◆ Data excerpt:
——

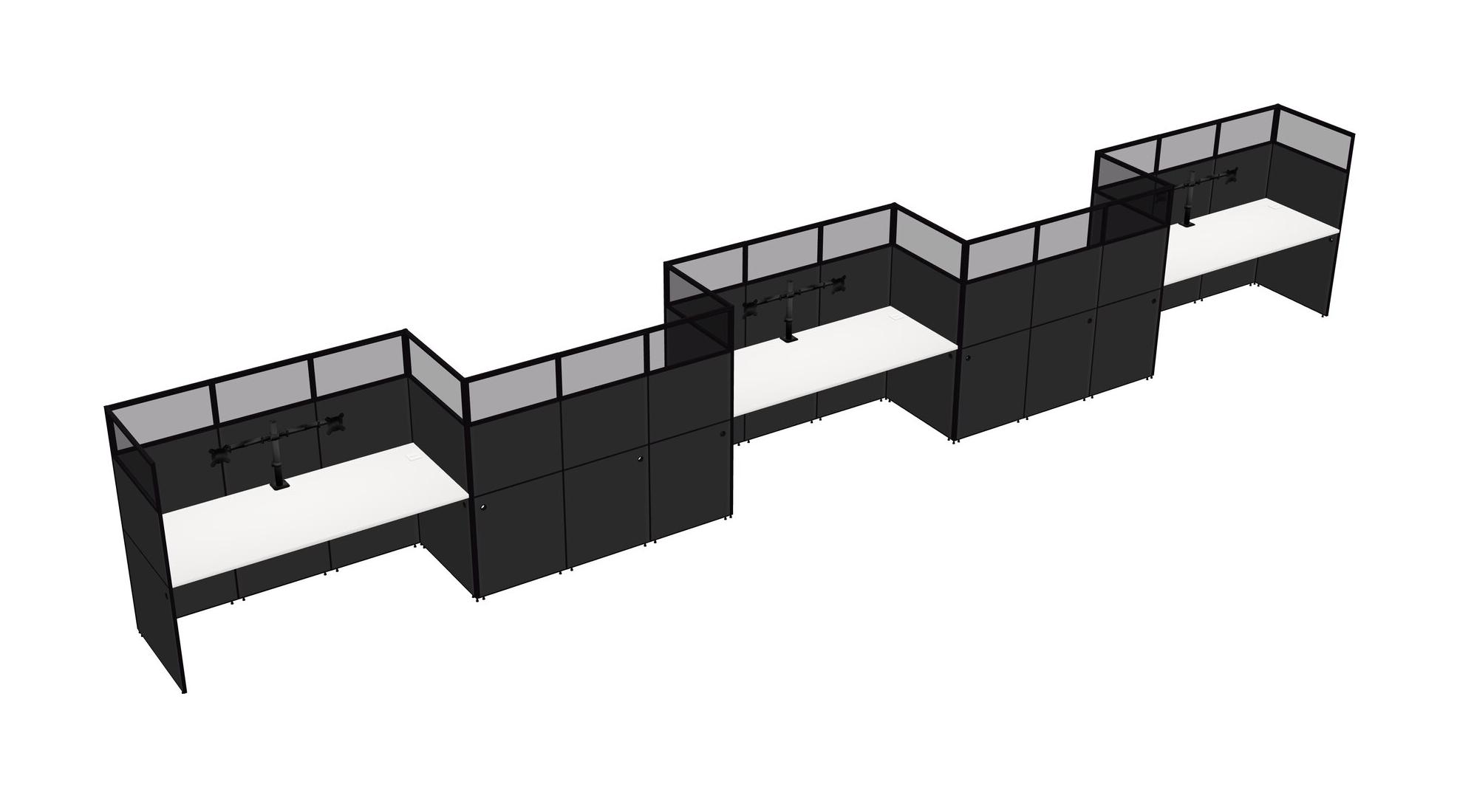 White Rectangular Cubicle Workstations For 5 - Zigzag Formation
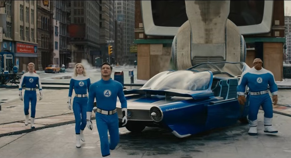 Johnny Storm (Joseph Quinn) chases her into space, but is easily sent back to Earth. Reed Richards (Pedro Pascal) starts working on a solution to the problem and the team tries to comfort the frightened public. Then we see the Fantastic Four displaying their powers, including the Thing (Ebon Moss-Bachrach) running through pillars outside of a building. The trailer ends with an ominous teaser shot of Galactus with a very large foot walking through the city.
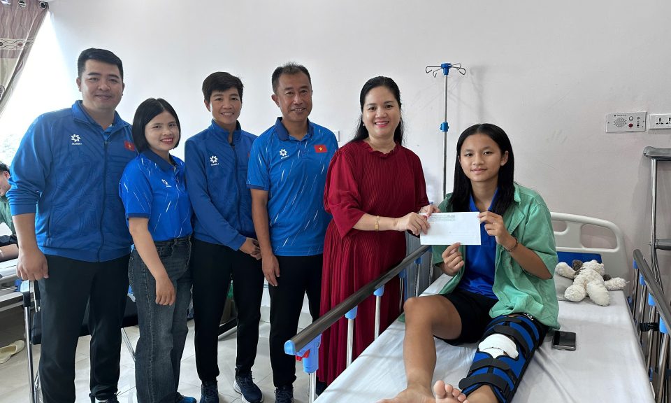 Sáng nay (28/10), Phó Tổng Thư ký Liên đoàn Bóng đá Việt Nam (LĐBĐVN) Nguyễn Thanh Hà cùng HLV trưởng các đội tuyển nữ trẻ Việt Nam – ông Okiyama Masahiko, đại diện thành viên ban huấn luyện và đại diện phòng chức năng của LĐBĐVN đã đến thăm, động viên hai cầu thủ Nguyễn Vân Anh và Nguyễn Thị Thủy – thành viên Đội tuyển U16 Nữ Quốc gia đang điều trị chấn thương tại Bệnh viện Thể thao Việt Nam.
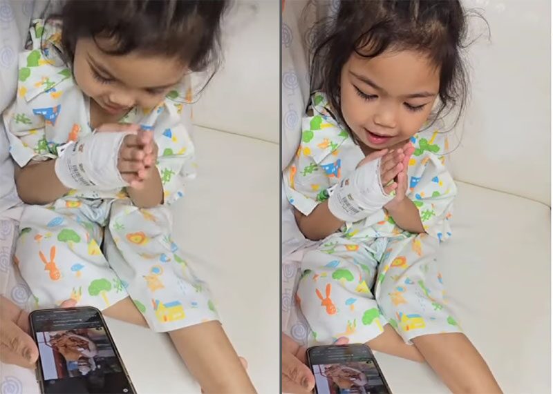 ล่าสุด จูน เพ็ญชุลี ได้โพสต์คลิปวิดีโอ ขณะน้องมิลล์ยังรักษาตัวอยู่ที่โรงพยาบาล พร้อมเปิดโทรศัพท์ที่เปิดรูปของหลวงพ่อหนุ่ม และบอกให้ลูกไหว้อนุโมทนาบุญ

——

◆ Problem: Output the listing above in full, exactly. No images.

◆ Task solution:
 White Rectangular Cubicle Workstations For 5 - Zigzag Formation
 Johnny Storm (Joseph Quinn) chases her into space, but is easily sent back to Earth. Reed Richards (Pedro Pascal) starts working on a solution to the problem and the team tries to comfort the frightened public. Then we see the Fantastic Four displaying their powers, including the Thing (Ebon Moss-Bachrach) running through pillars outside of a building. The trailer ends with an ominous teaser shot of Galactus with a very large foot walking through the city.
 Sáng nay (28/10), Phó Tổng Thư ký Liên đoàn Bóng đá Việt Nam (LĐBĐVN) Nguyễn Thanh Hà cùng HLV trưởng các đội tuyển nữ trẻ Việt Nam – ông Okiyama Masahiko, đại diện thành viên ban huấn luyện và đại diện phòng chức năng của LĐBĐVN đã đến thăm, động viên hai cầu thủ Nguyễn Vân Anh và Nguyễn Thị Thủy – thành viên Đội tuyển U16 Nữ Quốc gia đang điều trị chấn thương tại Bệnh viện Thể thao Việt Nam.
 ล่าสุด จูน เพ็ญชุลี ได้โพสต์คลิปวิดีโอ ขณะน้องมิลล์ยังรักษาตัวอยู่ที่โรงพยาบาล พร้อมเปิดโทรศัพท์ที่เปิดรูปของหลวงพ่อหนุ่ม และบอกให้ลูกไหว้อนุโมทนาบุญ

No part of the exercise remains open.